4) If used in header file, it will make your header file size large and may also make it unreadable.
5) If somebody used too many inline function resultant in a larger code size than it may cause thrashing in memory. More and more number of page fault bringing down your program performance.
6) Its not useful for embeded system where large binary size is not preferred at all due to memory size constraints.

Performance : -
Now covering the topic which most the people are interested in the "Performance".
In most of the cases Inline function boost performance if used cautiously as it saves lots of overhead as discussed in our Advantages section above but as we have also discussed its disadvantages one need to be very cautious while using them. Today's modern compiler inline functions automatically, so no need to specify explicitly in most of the cases. Although placing inline keyword only gives compiler a hint that this function can be optimized by doing in-lining, its ultimately compiler decision to make it inline. Though there are ways to instruct compiler too, for making a function call inline like one can use __forceinline to instruct compiler to inline a function while working with microsoft visual c++. I suggest not to use this keyword until you are very sure about performance gain. Making a function inline may or may not give you performance boost, it all depends on your code flows too. Don't expect a magical performance boost by prepending inline keyword before a function to your code as most of the compiler nowadays does that automatically.

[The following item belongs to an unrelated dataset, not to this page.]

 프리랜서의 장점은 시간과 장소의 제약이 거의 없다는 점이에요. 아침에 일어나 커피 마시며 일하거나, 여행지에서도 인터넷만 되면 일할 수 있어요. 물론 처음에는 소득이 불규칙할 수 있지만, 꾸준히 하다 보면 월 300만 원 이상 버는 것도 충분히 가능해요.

As we have seen inline function serves in terms of performacen but one has to use it with extreme cautions.

I have prepared a few guidelines for its use.
Uses Guidelines :-
1) Always use inline function when your are sure it will give performance.
2) Always prefer inline function over macros.
3) Don't inline function with larger code size, one should always inline small code size function to get performance.
4) If you want to inline a function in class, then prefer to use inkine keyword outside the class with the function definition.
5) In c++, by default member function declared and defined within class get linlined. So no use to specify for such cases.
6) Your function will not be inlined in case there is differences between exception handling model. Like if caller function follows c++ structure handling and your inline function follows structured exception handling.
7) For recursive function most of the compiler would not do in-lining but microsoft visual c++ compiler provides a special pragma for it i.e. pragma inline_recursion(on) and once can also control its limit with pragma inline_depth.
8) If the function is virtual and its called virtually then it would not be inlined. So take care for such cases, same hold true for the use of function pointers.

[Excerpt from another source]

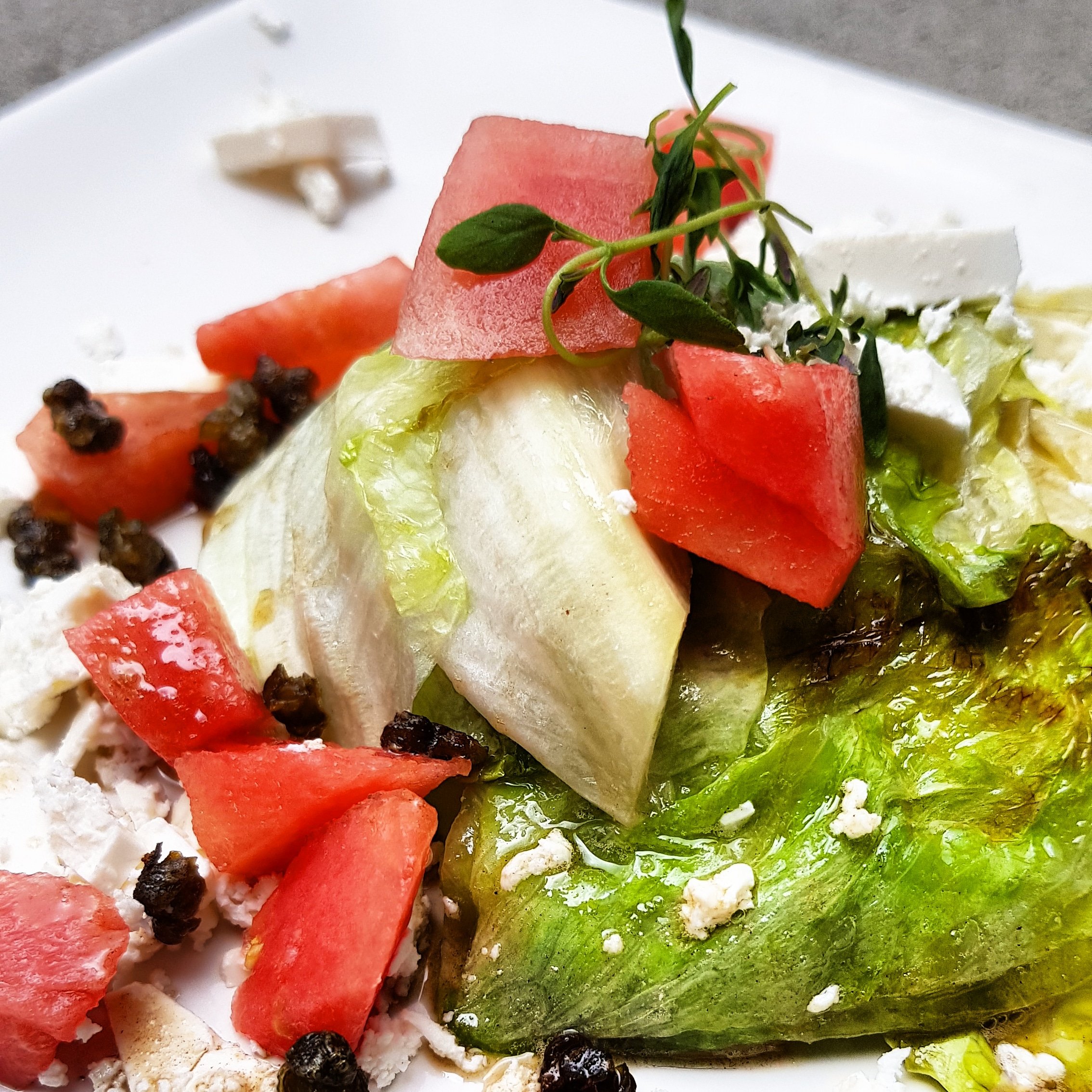 Jag försökte mig på grillad isbergssallad vilket gick helt skapligt och smakerna gifte sig samman med fetaosten, vattenmelon och smörstekt kapris. Det kan bli en bra sommarsallad men det kanske går att piffa till rätten lite mer? Serveas såklart med en big Wave Golden Ale.

For more such info please visit my technical blog :-
http://www.tajendrasengar.blogspot.com/2010/03/what-is-inline-function-in-cc.html

That's it from my side, I hope you enjoyed reading the post.
Last edited on
That's a decent article. As a rule of thumb, only inline functions that are 3-8 lines long.
Where did 3 and 8 come from?
It should be said that profiling is an important step in performance assessment and improvement. Nor will inlining make up for poor algorithm design.
2) After in-lining function if variables number which are going to use register increases than they may create overhead on register variable resource utilization.
What? Seriously, I have no idea how to interpret this.

3) It may cause compilation overhead as if some body changes code inside inline function than all calling location will also be compiled.
Correction: any source that includes the header where the inlined function is defined will have to be recompiled if the function (or anything else in the header, for that matter) changes.

No mention of decreased CPU cache performance with increased binary size? For shame.
Last edited on
2) After in-lining function if variables number which are going to use register increases than they may create overhead on register variable resource utilization.


My guess: After inlining a function, the number of variables which are going to use registers could increase, possibly creating an overhead on register utilization.
Hello frnds, this is tajendra again.
In current discussion i think point (2) raised some doubt let me cover it in details:-

2) After in-lining function if variables number which are going to use register increases than they may create overhead on register variable resource utilization.


Details:- As we know after inlining a funtion whole source code get inserted at the calling point.
So the total variables going to be used also get increased. So the number of register going to be used for the variables will aslo get increased. So if after function inlining variable numbers increase drastically then it would surely cause an overhead on register utilization. To avoid such type of problem one should always inline function with great caution. For that you can find uses guidelines mentioned in my above article.

Also if you want to know how to improve performance for small local chunk allocation then check :-
[u][quote][b]http://www.tajendrasengar.blogspot.com/2010/02/how-to-allocate-memory-dynamical[/u]ly-on.html[/quote][/b]
Decrease in CPU performance is related directly to cache miss, which i have covered in my very first point of disadvantages section.
Also larger binary size impact shown with point 5 in my disadvantages section.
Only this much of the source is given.